Exercise brief: Find the line with "Funda de cojín" in the records below. Copy it and every line after it, up to and including the line with "- France and".

Excerpted data:
***

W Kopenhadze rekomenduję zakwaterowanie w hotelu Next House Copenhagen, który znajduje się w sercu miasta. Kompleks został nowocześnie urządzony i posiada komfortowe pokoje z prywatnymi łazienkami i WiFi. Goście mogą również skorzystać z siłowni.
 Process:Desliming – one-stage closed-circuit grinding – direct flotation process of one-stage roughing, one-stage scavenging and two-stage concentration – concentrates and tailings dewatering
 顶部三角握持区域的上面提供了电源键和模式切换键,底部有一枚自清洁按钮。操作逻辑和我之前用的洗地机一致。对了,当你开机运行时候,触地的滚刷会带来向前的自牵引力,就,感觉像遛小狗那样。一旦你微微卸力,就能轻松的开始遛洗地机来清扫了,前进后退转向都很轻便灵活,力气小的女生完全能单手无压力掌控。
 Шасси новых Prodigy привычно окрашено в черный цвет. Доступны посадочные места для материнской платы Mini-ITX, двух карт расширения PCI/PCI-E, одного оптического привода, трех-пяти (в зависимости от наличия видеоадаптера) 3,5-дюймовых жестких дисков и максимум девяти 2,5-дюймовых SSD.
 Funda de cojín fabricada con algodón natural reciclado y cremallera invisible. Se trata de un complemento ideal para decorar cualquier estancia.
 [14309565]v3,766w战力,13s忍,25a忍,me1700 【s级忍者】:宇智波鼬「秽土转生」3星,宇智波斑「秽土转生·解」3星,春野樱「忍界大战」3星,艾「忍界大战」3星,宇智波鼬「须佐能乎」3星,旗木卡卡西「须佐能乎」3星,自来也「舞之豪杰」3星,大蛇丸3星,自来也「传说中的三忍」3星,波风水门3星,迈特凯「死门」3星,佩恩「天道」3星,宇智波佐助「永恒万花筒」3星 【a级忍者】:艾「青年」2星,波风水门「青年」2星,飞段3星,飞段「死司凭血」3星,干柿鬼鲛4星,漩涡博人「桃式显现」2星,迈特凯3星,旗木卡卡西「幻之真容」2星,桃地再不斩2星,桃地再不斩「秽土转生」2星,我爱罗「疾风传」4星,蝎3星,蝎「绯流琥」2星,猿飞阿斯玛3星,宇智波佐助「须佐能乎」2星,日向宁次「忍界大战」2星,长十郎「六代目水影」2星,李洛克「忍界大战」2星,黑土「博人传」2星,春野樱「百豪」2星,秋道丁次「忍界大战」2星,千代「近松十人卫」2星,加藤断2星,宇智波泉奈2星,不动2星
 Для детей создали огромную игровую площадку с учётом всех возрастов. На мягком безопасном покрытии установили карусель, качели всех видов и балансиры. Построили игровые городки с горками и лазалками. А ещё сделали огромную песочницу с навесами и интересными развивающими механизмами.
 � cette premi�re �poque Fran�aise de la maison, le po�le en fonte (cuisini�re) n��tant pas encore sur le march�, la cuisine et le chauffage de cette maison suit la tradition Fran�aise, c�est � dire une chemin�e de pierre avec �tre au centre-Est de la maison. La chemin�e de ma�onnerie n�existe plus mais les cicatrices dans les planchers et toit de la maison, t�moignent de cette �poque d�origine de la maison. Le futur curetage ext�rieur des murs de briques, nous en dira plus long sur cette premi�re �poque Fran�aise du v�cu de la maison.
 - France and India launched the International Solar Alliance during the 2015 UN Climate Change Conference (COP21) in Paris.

***

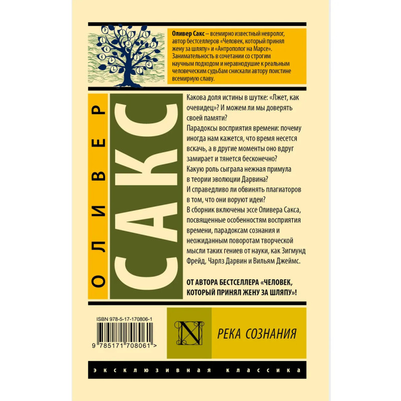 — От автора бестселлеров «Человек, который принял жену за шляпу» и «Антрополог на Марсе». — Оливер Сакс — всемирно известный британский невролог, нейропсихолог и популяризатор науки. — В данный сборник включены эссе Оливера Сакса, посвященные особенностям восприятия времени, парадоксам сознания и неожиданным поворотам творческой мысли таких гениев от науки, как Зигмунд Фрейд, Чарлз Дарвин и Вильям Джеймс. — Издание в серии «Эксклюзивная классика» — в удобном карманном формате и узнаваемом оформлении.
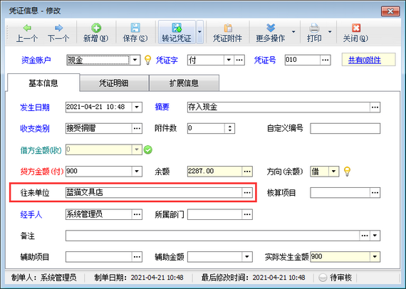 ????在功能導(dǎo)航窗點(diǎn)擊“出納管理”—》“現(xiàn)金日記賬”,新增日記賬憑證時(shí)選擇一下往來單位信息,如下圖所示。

***

Response below:
 Funda de cojín fabricada con algodón natural reciclado y cremallera invisible. Se trata de un complemento ideal para decorar cualquier estancia.
 [14309565]v3,766w战力,13s忍,25a忍,me1700 【s级忍者】:宇智波鼬「秽土转生」3星,宇智波斑「秽土转生·解」3星,春野樱「忍界大战」3星,艾「忍界大战」3星,宇智波鼬「须佐能乎」3星,旗木卡卡西「须佐能乎」3星,自来也「舞之豪杰」3星,大蛇丸3星,自来也「传说中的三忍」3星,波风水门3星,迈特凯「死门」3星,佩恩「天道」3星,宇智波佐助「永恒万花筒」3星 【a级忍者】:艾「青年」2星,波风水门「青年」2星,飞段3星,飞段「死司凭血」3星,干柿鬼鲛4星,漩涡博人「桃式显现」2星,迈特凯3星,旗木卡卡西「幻之真容」2星,桃地再不斩2星,桃地再不斩「秽土转生」2星,我爱罗「疾风传」4星,蝎3星,蝎「绯流琥」2星,猿飞阿斯玛3星,宇智波佐助「须佐能乎」2星,日向宁次「忍界大战」2星,长十郎「六代目水影」2星,李洛克「忍界大战」2星,黑土「博人传」2星,春野樱「百豪」2星,秋道丁次「忍界大战」2星,千代「近松十人卫」2星,加藤断2星,宇智波泉奈2星,不动2星
 Для детей создали огромную игровую площадку с учётом всех возрастов. На мягком безопасном покрытии установили карусель, качели всех видов и балансиры. Построили игровые городки с горками и лазалками. А ещё сделали огромную песочницу с навесами и интересными развивающими механизмами.
 � cette premi�re �poque Fran�aise de la maison, le po�le en fonte (cuisini�re) n��tant pas encore sur le march�, la cuisine et le chauffage de cette maison suit la tradition Fran�aise, c�est � dire une chemin�e de pierre avec �tre au centre-Est de la maison. La chemin�e de ma�onnerie n�existe plus mais les cicatrices dans les planchers et toit de la maison, t�moignent de cette �poque d�origine de la maison. Le futur curetage ext�rieur des murs de briques, nous en dira plus long sur cette premi�re �poque Fran�aise du v�cu de la maison.
 - France and India launched the International Solar Alliance during the 2015 UN Climate Change Conference (COP21) in Paris.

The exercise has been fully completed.